-- Directions --
Print exactly the lines that run from the opening line of the material through the line with "Parts for Briggs", and nothing else, leaving out pictures.
=== Begin Enclosure ===
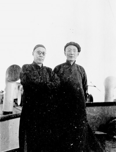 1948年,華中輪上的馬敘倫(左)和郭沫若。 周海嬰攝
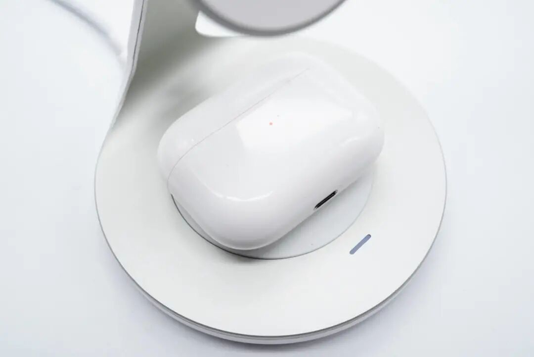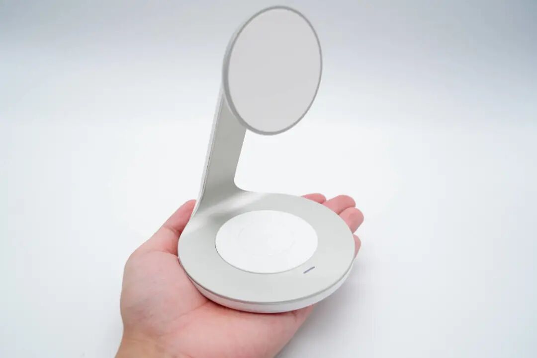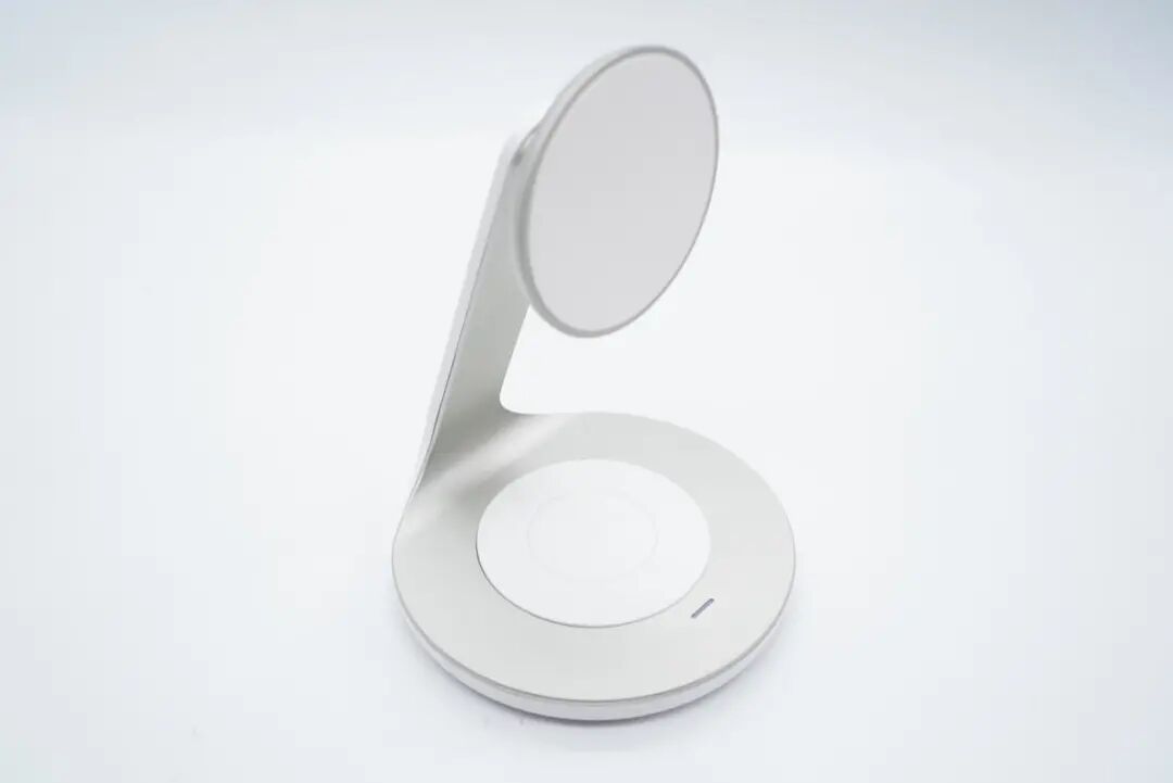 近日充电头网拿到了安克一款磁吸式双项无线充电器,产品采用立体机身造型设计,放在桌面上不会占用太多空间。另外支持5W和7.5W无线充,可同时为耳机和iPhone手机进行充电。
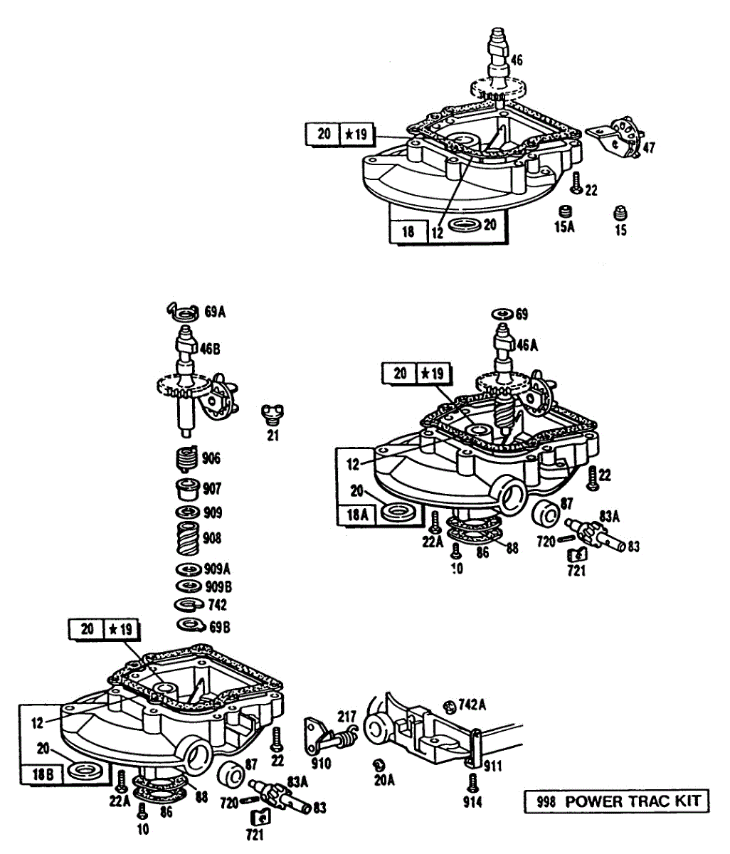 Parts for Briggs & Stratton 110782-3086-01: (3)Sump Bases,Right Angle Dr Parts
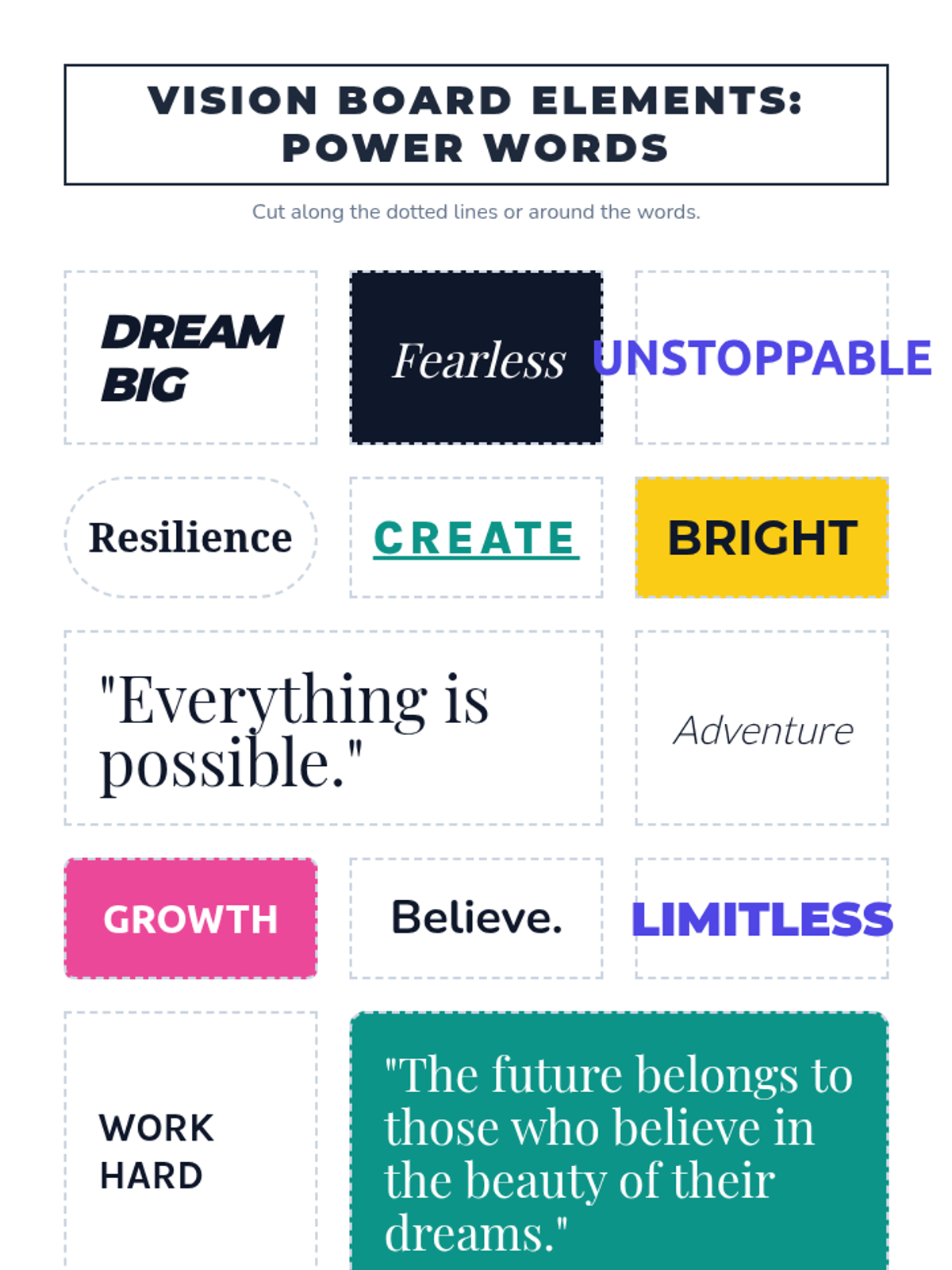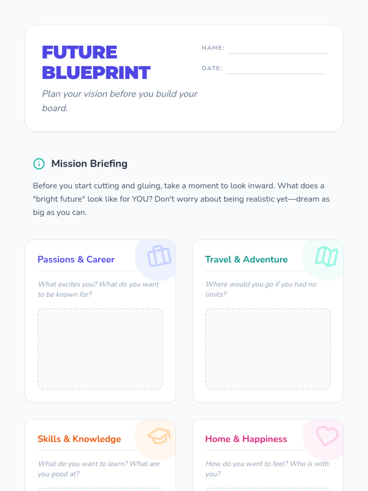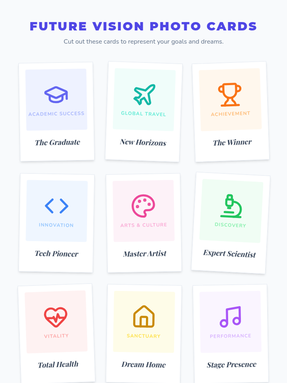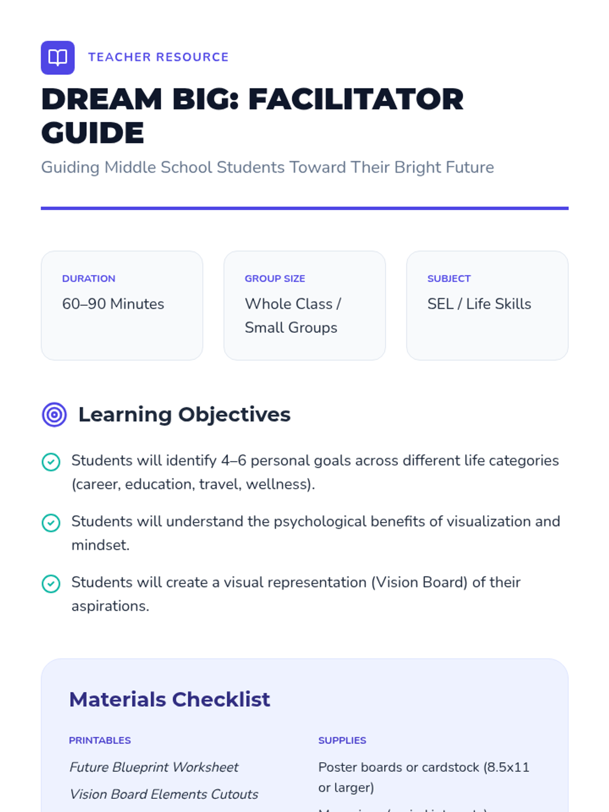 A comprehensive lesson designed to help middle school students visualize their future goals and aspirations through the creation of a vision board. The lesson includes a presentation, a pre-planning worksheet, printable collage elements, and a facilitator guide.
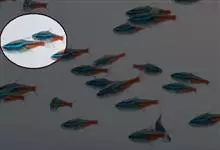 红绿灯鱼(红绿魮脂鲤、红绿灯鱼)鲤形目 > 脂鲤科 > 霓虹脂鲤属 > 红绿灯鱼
=== End Enclosure ===
-- Answer to the exercise --
 1948年,華中輪上的馬敘倫(左)和郭沫若。 周海嬰攝
 近日充电头网拿到了安克一款磁吸式双项无线充电器,产品采用立体机身造型设计,放在桌面上不会占用太多空间。另外支持5W和7.5W无线充,可同时为耳机和iPhone手机进行充电。
 Parts for Briggs & Stratton 110782-3086-01: (3)Sump Bases,Right Angle Dr Parts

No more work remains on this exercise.